The 1949 elections formed the Federal Republic of Germany (West Germany). But West Germany did not regain full sovereignty (supreme power) from the occupiers until 1955, 10 years after the occupation began. Since then, Germany has remained a strong democratic nation. (West and East Germany were unified in 1990 when the Cold War ended.)

 

Japan

Japan unconditionally surrendered following the atomic bombing of Hiroshima and Nagasaki in August 1945. Unlike in Germany, the United States alone occupied Japan. U.S. General Douglas MacArthur served as supreme commander of the reconstruction efforts.

 

Gen. MacArthur decided to keep Japanese government officials, except war criminals, in office from the beginning of the occupation. MacArthur generally issued broad decrees to the Japanese officials and then monitored them to make sure they carried out his orders.

 

MacArthur believed he would need up to 600,000 occupation troops to pacify the home islands of Japan. But no resistance emerged, and he ended up needing less than half that number.

During the American occupation of Japan, MacArthur oversaw efforts to help the country's starving and homeless people. He also distributed millions of dollars in U.S. aid for Japan's economic reconstruction.

 

Japan had never been a democracy with western-style freedoms. Japan did have a constitution, but it placed sovereignty in the hands of the emperor rather than the people. Fortunately, the emperor supported MacArthur's actions.

 

MacArthur wrote a new democratic constitution, which the Japanese government adopted in March 1946. One of the unique features of this constitution is that Japan renounced war forever.

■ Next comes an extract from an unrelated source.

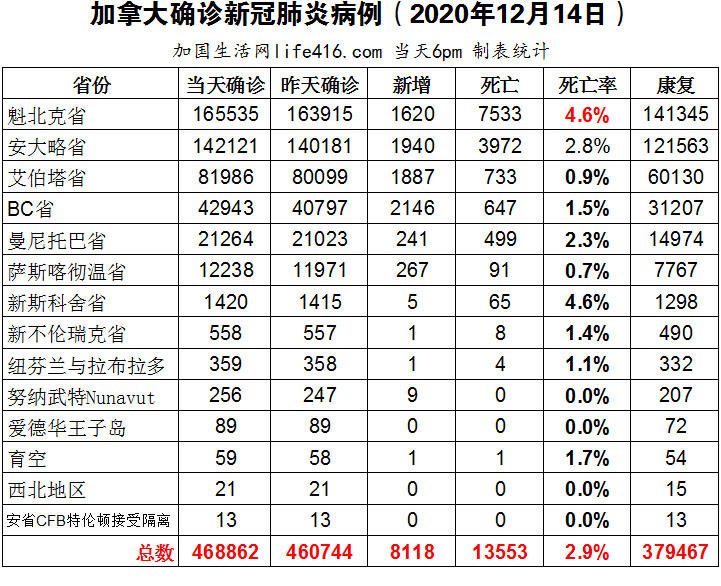 【加国生活网编译报道】截至12月14日下午6点,加拿大新冠确诊病例总数为468862(周末新增8118,当天新增6731),死亡13553(新增122)。魁省确诊总数165535(新增1620);安省确诊总数142121(新增1940);艾省确诊总数81986(新增1887);BC省确诊总数42943(周末新增2146,当天新增759);曼省确诊总数21264(新增241);萨省确诊总数12238(新增267)。加拿大历史上规模最大的疫苗接种运动从12月14日正式开始,第一针新冠疫苗开打,成为加拿大抗击新冠疫情的一个重要里程碑!有关新冠疫苗的Q/A问答。加国生活网专门制作了如下统计数据表: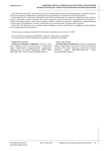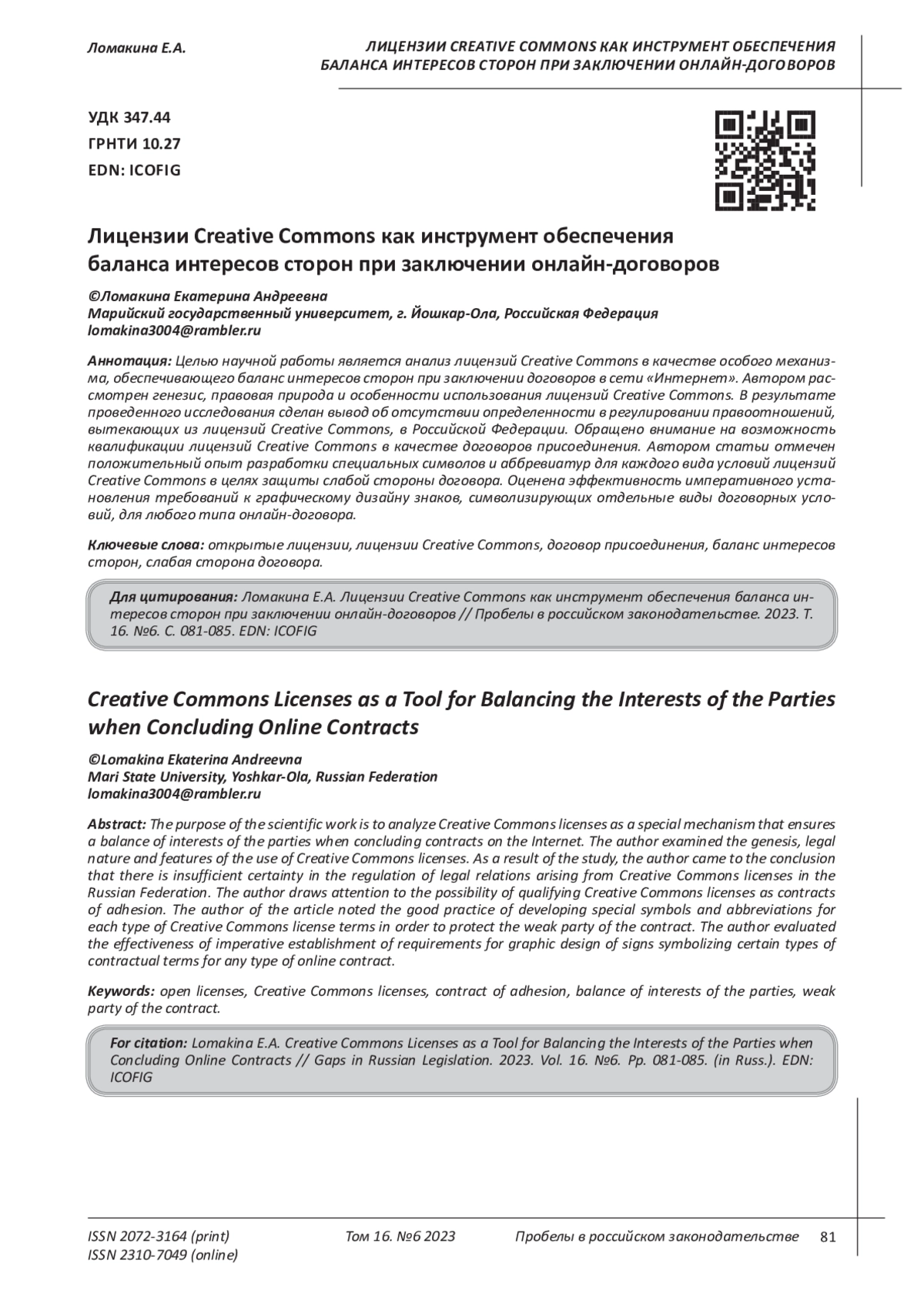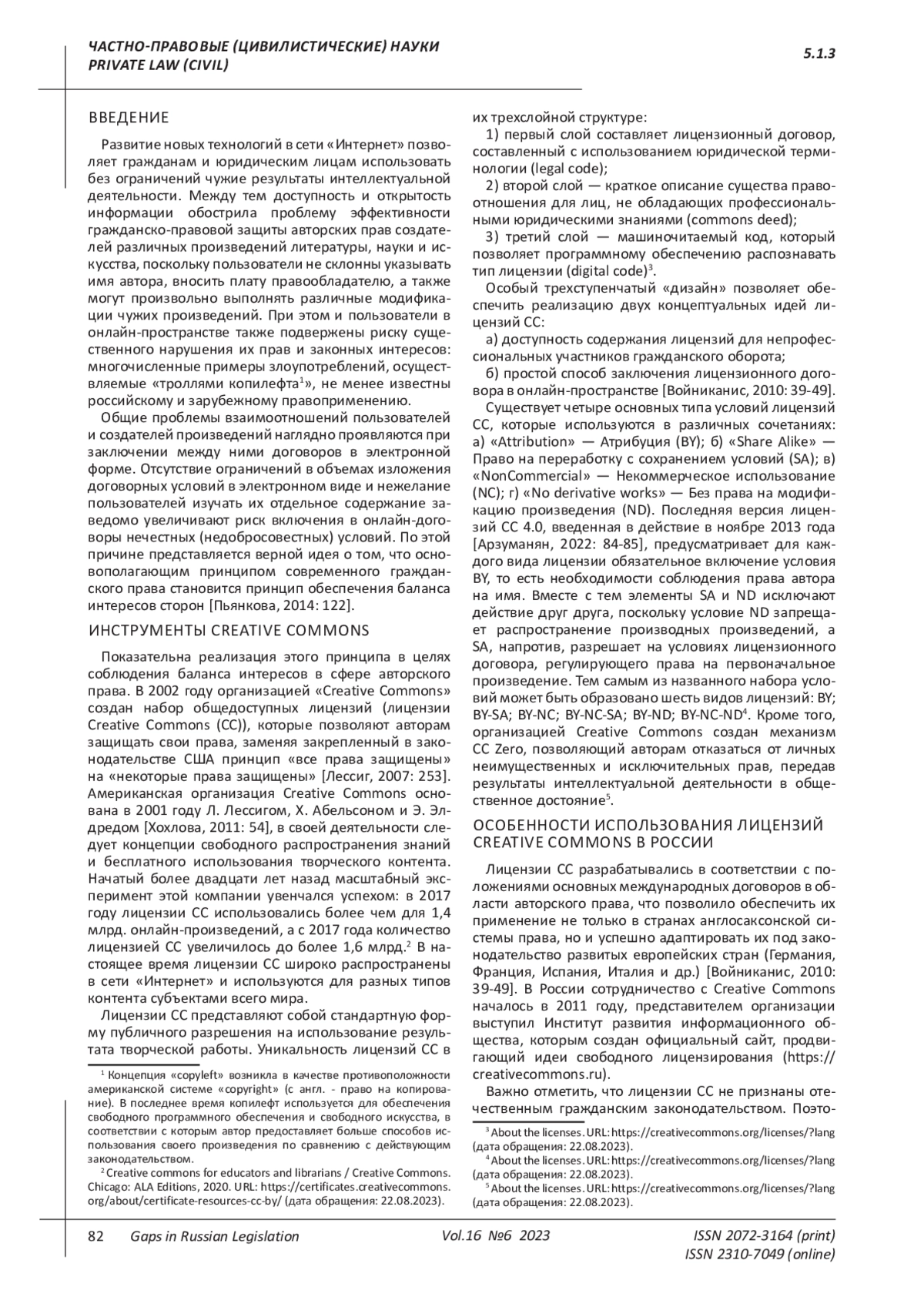 Arzumanyan A.B. Creative Commons licenses: history of appearance and use in Russia and abroad // Bulletin of the Faculty of Law of the Southern Federal University. 2022. No. 4. P. 84-89.

The first national parliamentary elections, which included women voting for the first time, took place in April 1946. Japan never received the tremendous amount of economic aid that the United States provided Europe under the Marshall Plan. But during the Korean War (1950-53), Japan served as a staging area for U.S. forces and benefited economically. In 1953, a little more than seven years after the occupation began, Japan regained full sovereignty. Since then, democracy has become firmly rooted in Japan.